Work item:
Output exactly the lines of the listing below that run from the line with "מכתב מגדוד 50" through the line with "Zrúcaniny byzantskej pevnosti, západne". No pictures.

Extracted data:
▼

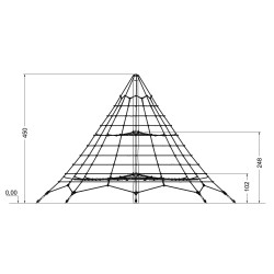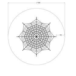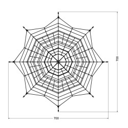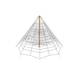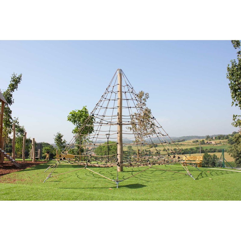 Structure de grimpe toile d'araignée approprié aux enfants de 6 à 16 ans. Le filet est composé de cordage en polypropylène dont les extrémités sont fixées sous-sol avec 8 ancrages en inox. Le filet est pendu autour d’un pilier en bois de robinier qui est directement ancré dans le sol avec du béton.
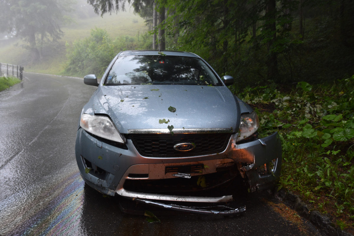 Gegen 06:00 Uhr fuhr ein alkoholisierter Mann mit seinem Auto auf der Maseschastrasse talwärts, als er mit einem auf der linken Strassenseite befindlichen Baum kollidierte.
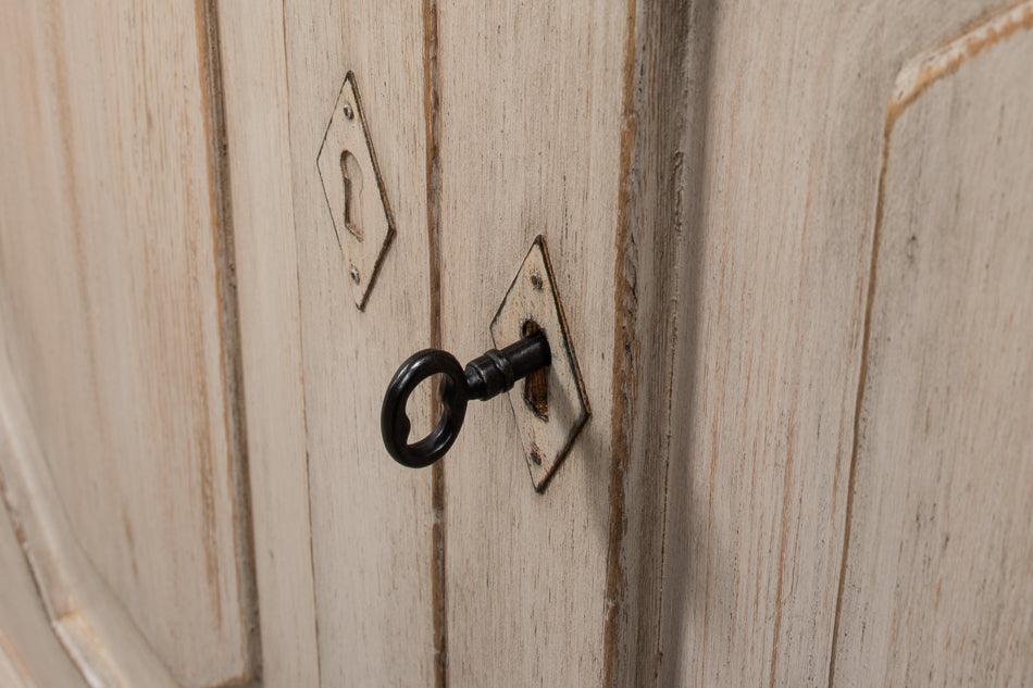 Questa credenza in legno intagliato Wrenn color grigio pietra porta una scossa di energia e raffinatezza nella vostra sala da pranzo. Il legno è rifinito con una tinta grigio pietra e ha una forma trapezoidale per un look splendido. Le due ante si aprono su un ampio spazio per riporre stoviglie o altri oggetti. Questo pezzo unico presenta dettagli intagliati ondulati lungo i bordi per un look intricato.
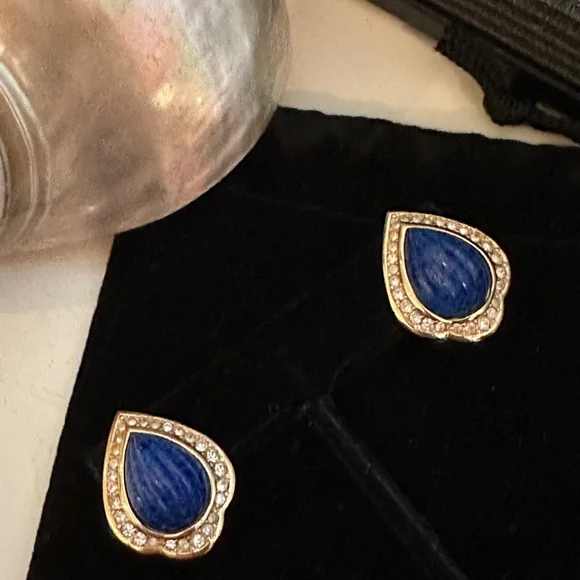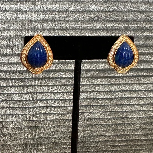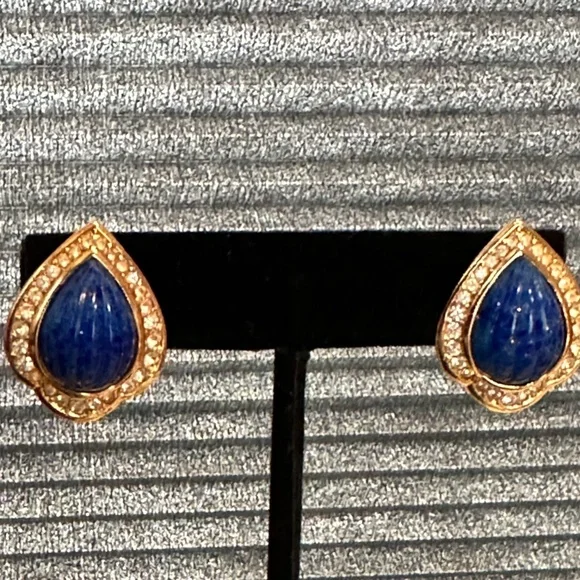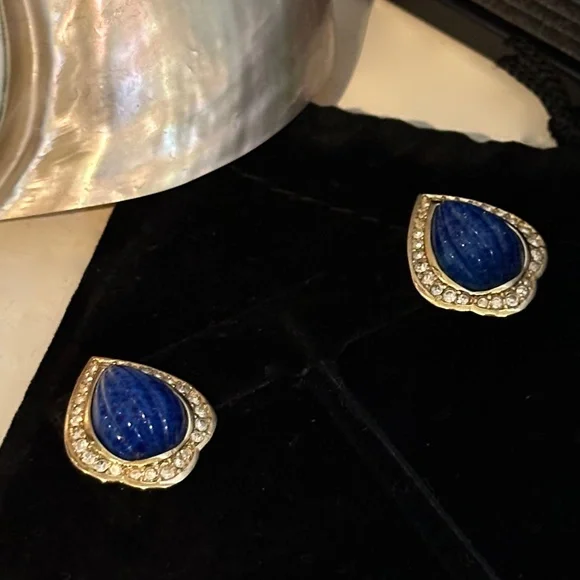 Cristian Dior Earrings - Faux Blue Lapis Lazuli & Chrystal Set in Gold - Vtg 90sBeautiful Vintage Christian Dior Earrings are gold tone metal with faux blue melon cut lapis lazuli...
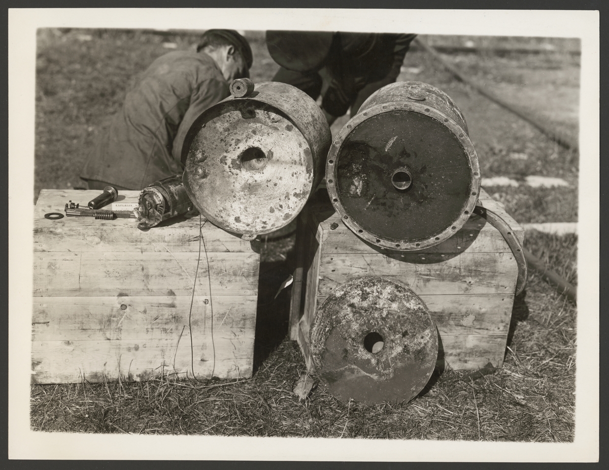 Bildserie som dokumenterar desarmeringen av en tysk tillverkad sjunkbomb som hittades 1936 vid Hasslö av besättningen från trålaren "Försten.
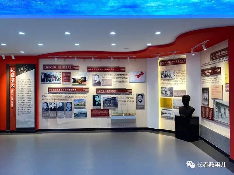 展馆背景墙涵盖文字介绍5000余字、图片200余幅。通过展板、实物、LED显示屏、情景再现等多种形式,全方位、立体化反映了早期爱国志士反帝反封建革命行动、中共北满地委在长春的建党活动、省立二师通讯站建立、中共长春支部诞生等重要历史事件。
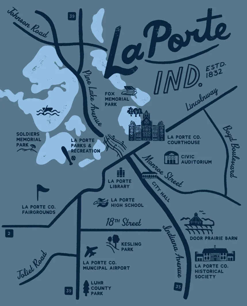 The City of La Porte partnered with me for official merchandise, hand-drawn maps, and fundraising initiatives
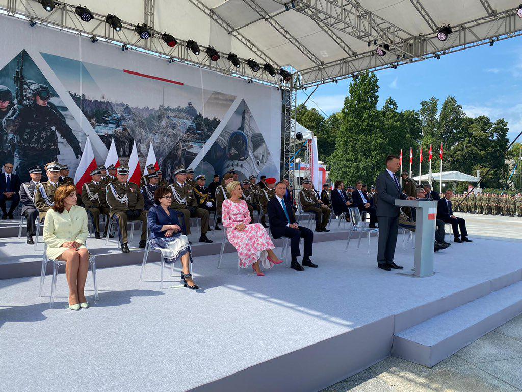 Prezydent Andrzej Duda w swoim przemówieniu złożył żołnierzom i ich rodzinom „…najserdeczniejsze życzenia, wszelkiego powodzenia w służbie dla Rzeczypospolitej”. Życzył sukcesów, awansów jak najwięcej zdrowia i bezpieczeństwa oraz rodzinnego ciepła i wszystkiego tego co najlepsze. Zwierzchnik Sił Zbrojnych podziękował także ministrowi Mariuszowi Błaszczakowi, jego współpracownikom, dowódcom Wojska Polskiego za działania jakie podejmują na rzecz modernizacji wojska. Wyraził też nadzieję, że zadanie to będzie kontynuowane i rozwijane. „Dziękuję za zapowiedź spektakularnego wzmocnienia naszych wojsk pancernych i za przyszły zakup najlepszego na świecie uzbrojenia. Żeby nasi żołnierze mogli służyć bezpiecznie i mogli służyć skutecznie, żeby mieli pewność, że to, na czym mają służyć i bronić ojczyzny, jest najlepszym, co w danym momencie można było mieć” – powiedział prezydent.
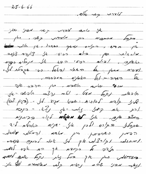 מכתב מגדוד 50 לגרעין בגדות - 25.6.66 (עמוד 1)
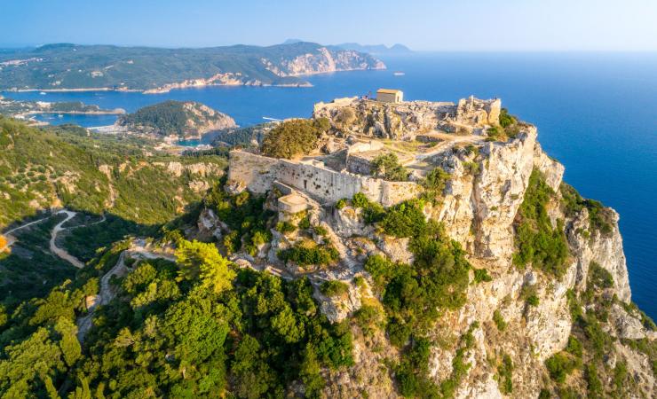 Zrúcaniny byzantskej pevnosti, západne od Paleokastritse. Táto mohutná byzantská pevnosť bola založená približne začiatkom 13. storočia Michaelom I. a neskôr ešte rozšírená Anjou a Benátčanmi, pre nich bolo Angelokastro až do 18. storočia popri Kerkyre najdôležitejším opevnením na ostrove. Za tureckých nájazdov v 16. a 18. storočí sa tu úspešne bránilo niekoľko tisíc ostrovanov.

▲
▼

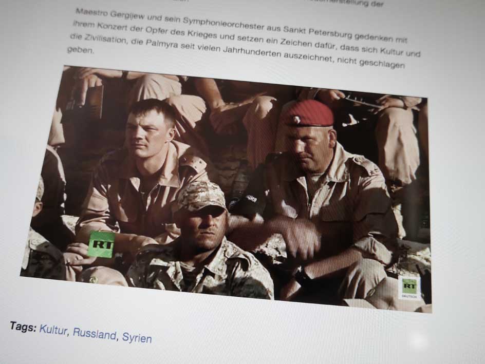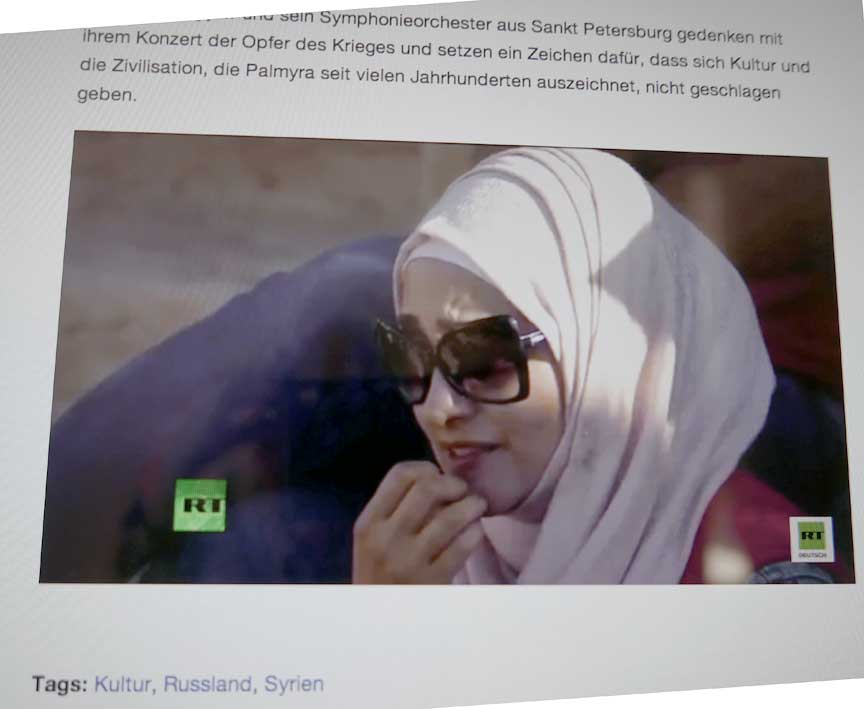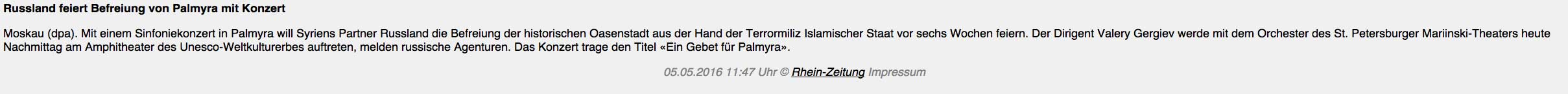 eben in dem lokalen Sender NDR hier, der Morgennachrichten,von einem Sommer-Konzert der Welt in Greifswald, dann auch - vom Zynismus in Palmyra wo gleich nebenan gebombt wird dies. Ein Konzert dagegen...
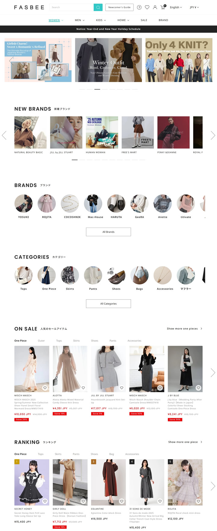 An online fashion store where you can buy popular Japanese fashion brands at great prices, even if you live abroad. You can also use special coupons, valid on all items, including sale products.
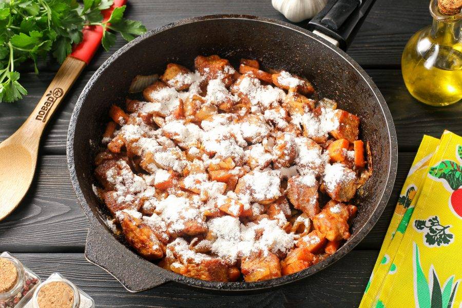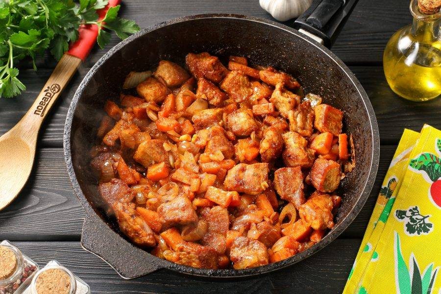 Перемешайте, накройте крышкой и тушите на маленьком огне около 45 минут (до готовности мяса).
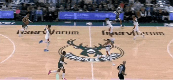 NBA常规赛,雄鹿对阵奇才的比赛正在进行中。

▲

Output of the task:
 מכתב מגדוד 50 לגרעין בגדות - 25.6.66 (עמוד 1)
 Zrúcaniny byzantskej pevnosti, západne od Paleokastritse. Táto mohutná byzantská pevnosť bola založená približne začiatkom 13. storočia Michaelom I. a neskôr ešte rozšírená Anjou a Benátčanmi, pre nich bolo Angelokastro až do 18. storočia popri Kerkyre najdôležitejším opevnením na ostrove. Za tureckých nájazdov v 16. a 18. storočí sa tu úspešne bránilo niekoľko tisíc ostrovanov.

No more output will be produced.